Paula Schneider’s trying to move American Apparel Inc. beyond Dov Charney.

The chief executive officer held a call with Wall Street Tuesday to both introduce herself and frame her leadership of the company.

“The purpose of this call is not to discuss previous management, but to talk about the future and how we can help the company grow,” said Schneider, who took the helm this month.

That’s a reference to founder Charney, who was ousted as ceo last year amid allegations of misconduct. Charney is threatening legal action over his firing and still trying to regain a toehold at the firm.

While Schneider tried to mark a clean break from Charney’s leadership, she also lauded many aspects of what he built.

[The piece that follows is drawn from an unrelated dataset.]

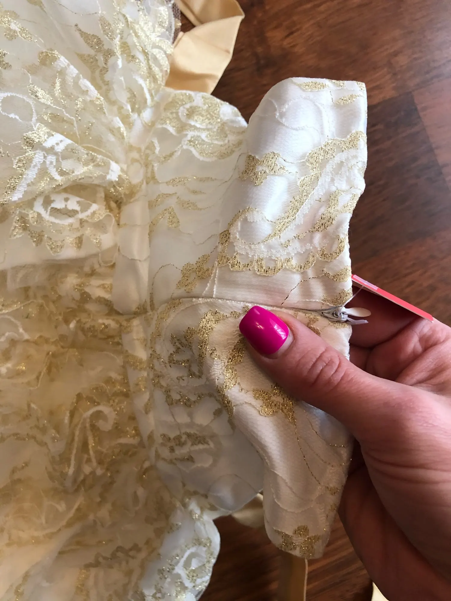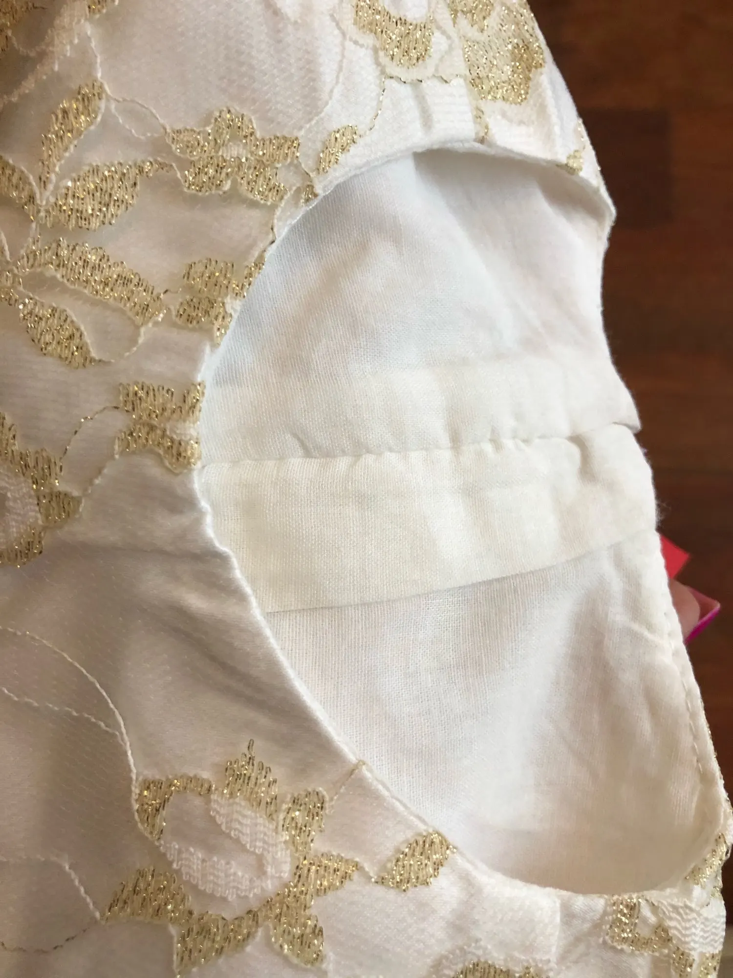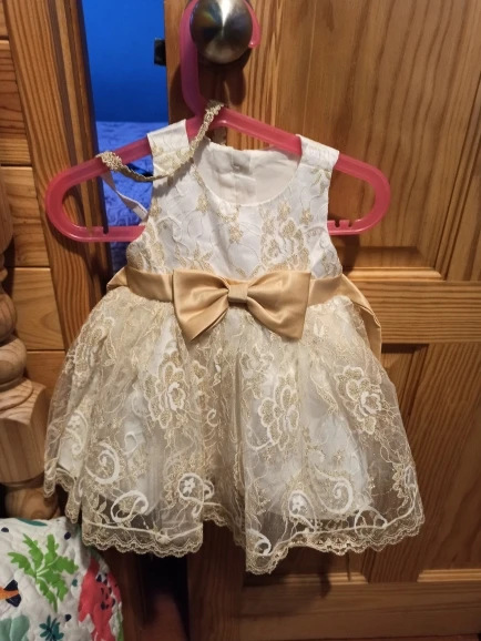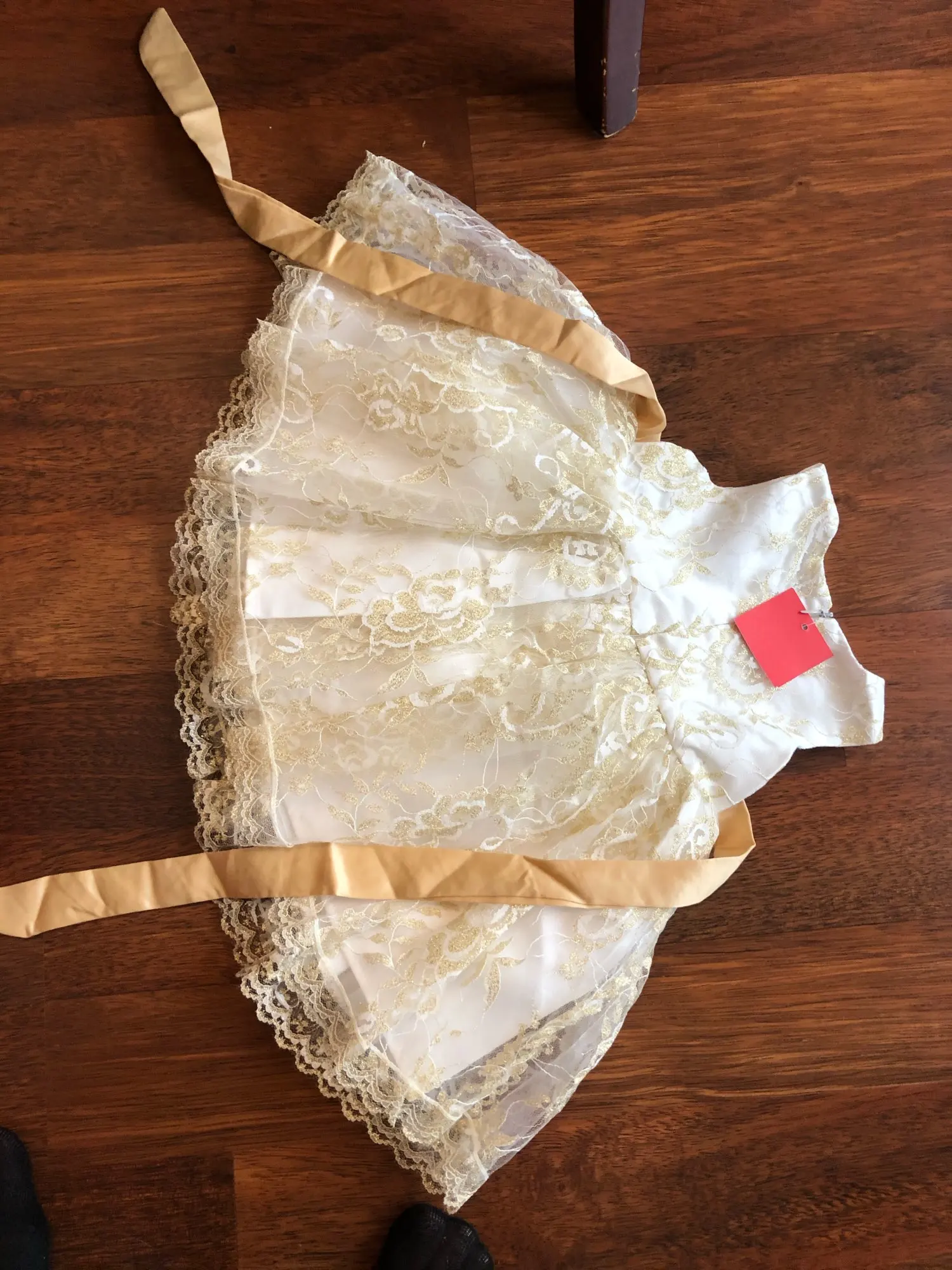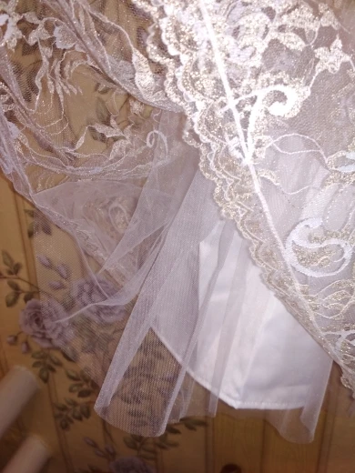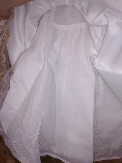 Платье красивое, но пришло с оборванным местами кружевом по переду платья, продавец предложил его обрезать и возместил 600 р. Подклад хлопок. Машинную стирку при 40 градусах в мешке перенесло отлично. Брала специально больше размер, не люблю когда талия под грудью, на рост 70 село как надо, талия совпала, длинна до пола. Платье до юбки 20 см, юбка (до обрезания) - 35 см, ширина 29 см, т.е. соответствует таблице продавца по размеру 3т.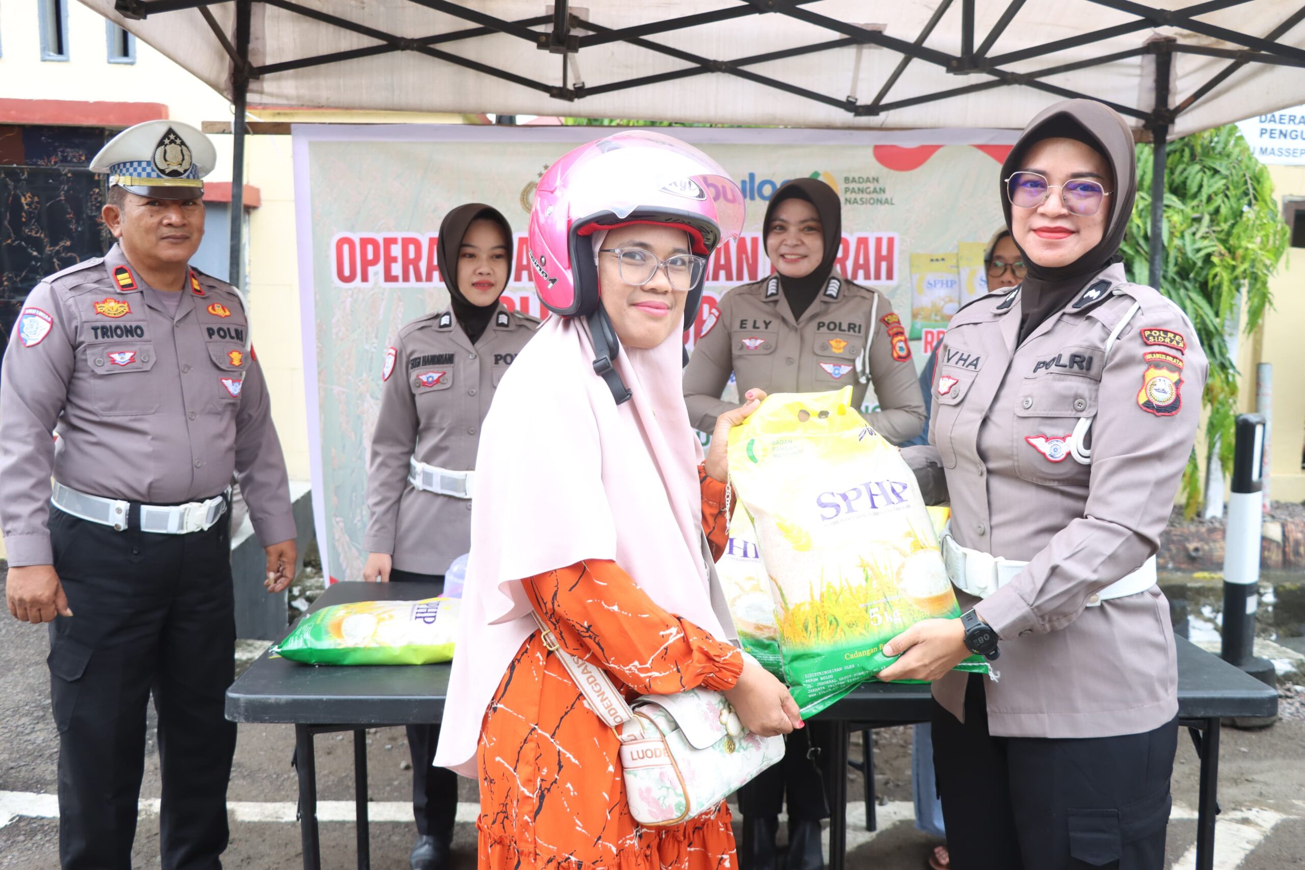 Polres Sidrap Terjunkan Polwan, Ratusan Zak Beras SPHP Ludes Terjual

“American Apparel is one of the most recognizable brands in the world,” she said in a late afternoon conference call with analysts.

To capitalize on that recognition, the company will base its strategy going forward on four priorities.

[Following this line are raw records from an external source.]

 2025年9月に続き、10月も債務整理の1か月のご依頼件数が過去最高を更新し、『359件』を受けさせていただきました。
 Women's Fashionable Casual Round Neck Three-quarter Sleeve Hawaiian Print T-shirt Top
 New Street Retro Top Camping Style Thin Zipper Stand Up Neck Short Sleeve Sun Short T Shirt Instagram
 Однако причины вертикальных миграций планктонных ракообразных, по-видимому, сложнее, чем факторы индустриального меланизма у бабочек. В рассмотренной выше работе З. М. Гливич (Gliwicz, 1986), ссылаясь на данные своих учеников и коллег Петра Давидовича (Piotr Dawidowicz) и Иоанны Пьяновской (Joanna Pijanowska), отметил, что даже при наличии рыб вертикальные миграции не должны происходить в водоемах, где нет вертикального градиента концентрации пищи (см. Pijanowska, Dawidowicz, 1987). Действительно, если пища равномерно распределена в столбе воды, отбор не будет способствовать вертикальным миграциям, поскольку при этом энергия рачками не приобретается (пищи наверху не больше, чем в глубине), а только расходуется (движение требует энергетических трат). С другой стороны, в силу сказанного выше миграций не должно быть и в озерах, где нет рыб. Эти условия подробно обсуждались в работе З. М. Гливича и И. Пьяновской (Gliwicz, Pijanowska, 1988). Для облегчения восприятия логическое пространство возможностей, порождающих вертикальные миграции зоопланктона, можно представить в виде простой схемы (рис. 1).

First, Schneider said she would look to firm up operations with strong business fundamentals, pointing specifically to planning and forecasting, product development, the rationalization of stockkeeping units, marketing, sales and the supply chain.

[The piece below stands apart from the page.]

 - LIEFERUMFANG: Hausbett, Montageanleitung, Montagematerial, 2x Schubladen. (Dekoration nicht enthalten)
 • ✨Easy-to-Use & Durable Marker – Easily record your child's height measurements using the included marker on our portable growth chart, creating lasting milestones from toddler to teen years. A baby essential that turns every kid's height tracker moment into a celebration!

Secondly, the ceo plans to invest in the brand. “It’s an incredible brand,” she said. “It’s about fun. It’s about youth. It’s about freedom. It always has been and always will be about social commentary. This brand gives a voice to everyone, from the 5,000 workers in our L.A. factory to all the people who wear our clothes. To me, it’s a call to action.”

The hope is that improvement in those two areas will lead to improvements in the other two areas: driving earnings and building a strong liquidity profile.

“Many of the short-term challenges say less about the underlying strength of the brand and more about the lack of strong fundamentals,” she said.

The question is whether Schneider will have a chance to see her plan through or if the company’s backers and board will decide to sell. John Howard’s Irving Place Capital last year said it might pay as much as $1.40 a share, or $245 million, to buy the company, once it got a look at its private books.

Investors are taking the cautious approach. Shares of the firm inched up 1.3 percent to 87 cents before the call on Tuesday.